─── Provided information ───
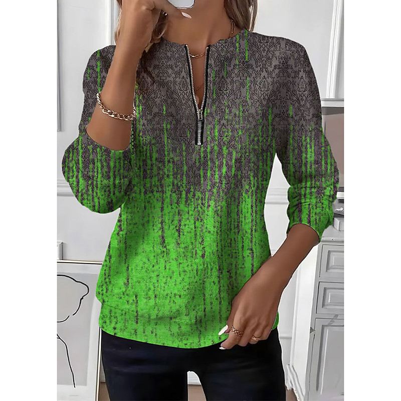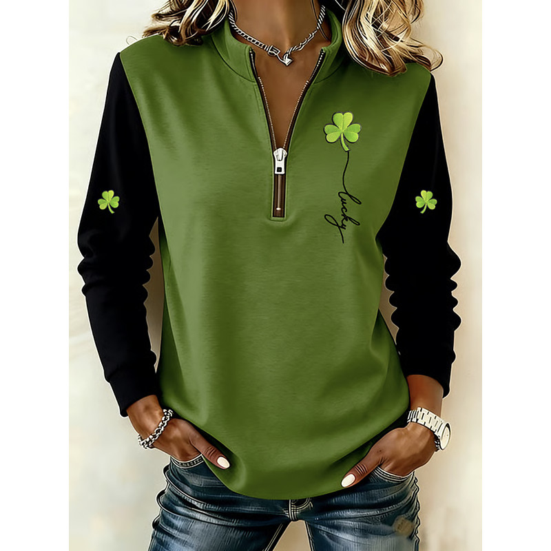 Women's Pullover Sweatshirt Zip Up Sweatshirts Graphic Shamrock Fashion Casual Long Sleeve Crew Neck Half Zip Regular Tops Street Dailywear Zipper Print Green Fall Winter
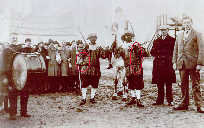 De Zwarte Pieten hebben een pikzwarte maskerade en dragen geen pruik. Beide Pieten hebben een roe, zak en een ketting.
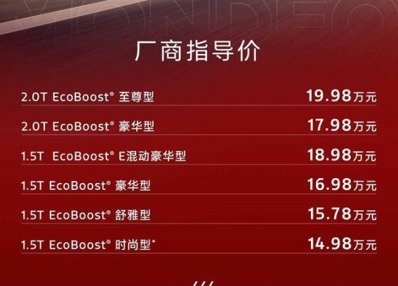 合资燃油车市场又迎来新成员。12月4日,长安福特正式推出了2026款蒙迪欧改款车型,新车共推出6款,其中1.5T车型4款,包括一款混动,2.0T车型2款,售价区间从14.98万到19.98万元,起售价与2025款保持一致。尤其值得关注的是2.0T车型,官方称其为“地表最强2.0T”,最大功率192kW,峰值扭矩408牛米。在之前的试驾中,这台发动机的动力表现让人印象深刻,无论起步还是加速都非常有力。那这款合资燃油车到底值不值得买?又该如何选择配置?下面我们逐一分析。
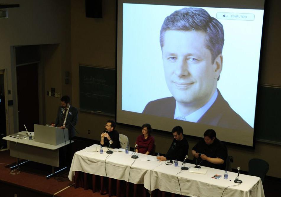 The weekend’s final panel, “The Future of Artist-Run Culture: What will an Artist-Run Centre look like in 15 years?”, was also naggingly inconsistent. Fredericton-based artist and Third Space Gallery director Chris Lloyd projected a rather bleak ARC future in 2023 in tandem with a record-breaking 17-year prime ministerial run by Stephen Harper. It was half-serious food for thought. Or Gallery’s Jonathan Middleton did well to point forward to some innovative, alternative artist-run modelling from the grand historical scale of the Vienna Secession to the locally engaged spontaneity of Vancouver artist Kristina Lee Podesva’s colourschool project. But the most surprising and perhaps problematic example came from artist and Eyelevel Gallery director Eryn Foster. Citing the day-to-day drain of administrative pressures at the Halifax ARC, Foster plans to return the gallery and office routine to its 1974 beginnings for one month—typewriter, rotary dial phone and all. It’s an experiment in “unplugging” from the distractions of email and Internet to make real time for artists and audiences. The conference crowd applauded this Luddite affirmation that less is more. But it seems, from all of the weekend’s proceedings, that the future for ARCs lies not in disengaging but in re-engaging, not unplugging but plugging in, not responding to the past but looking ahead to the future. ARCs need to once again break from the predictable and embrace the unexpected. Take, for example, Artspeak (one of the country’s leading ARCs) and its recent move away from the traditional gallery model to become a research-focused resource centre with off-site exhibition programming. Time, as always, will tell, but one thing is sure—I wouldn’t want to be in Foster’s chair when she opens her Eyelevel email inbox at the end of that month.
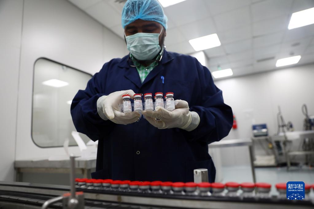 在埃及吉薩的埃及生物制品與疫苗公司疫苗生產(chǎn)廠,工作人員對貼標(biāo)的新冠疫苗進(jìn)行裝盒前準(zhǔn)備(2021年9月6日)。新華社發(fā)(艾哈邁德·戈馬攝)
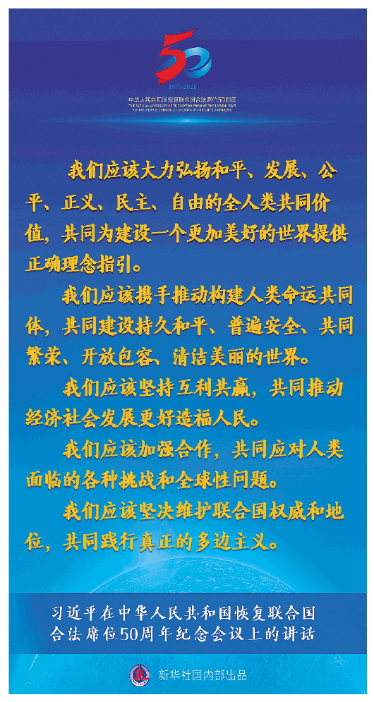在恢复联合国合法席位50周年这个具有特殊意义的历史时刻,以“共同”超越分歧、以“共同”凝聚力量,传递着站在历史正确的一边、人类进步的一边的大国担当,展现出走向伟大复兴的中华民族“为世界谋大同”的历史自觉。 主笔:温馨、杨依军
───
Exercise brief: In the answer, give only the lines from the top of the data above through the line with "合资燃油车市场又迎来新成员。", reproduced exactly; no picture may appear.

Output for this task:
 Women's Pullover Sweatshirt Zip Up Sweatshirts Graphic Shamrock Fashion Casual Long Sleeve Crew Neck Half Zip Regular Tops Street Dailywear Zipper Print Green Fall Winter
 De Zwarte Pieten hebben een pikzwarte maskerade en dragen geen pruik. Beide Pieten hebben een roe, zak en een ketting.
 合资燃油车市场又迎来新成员。12月4日,长安福特正式推出了2026款蒙迪欧改款车型,新车共推出6款,其中1.5T车型4款,包括一款混动,2.0T车型2款,售价区间从14.98万到19.98万元,起售价与2025款保持一致。尤其值得关注的是2.0T车型,官方称其为“地表最强2.0T”,最大功率192kW,峰值扭矩408牛米。在之前的试驾中,这台发动机的动力表现让人印象深刻,无论起步还是加速都非常有力。那这款合资燃油车到底值不值得买?又该如何选择配置?下面我们逐一分析。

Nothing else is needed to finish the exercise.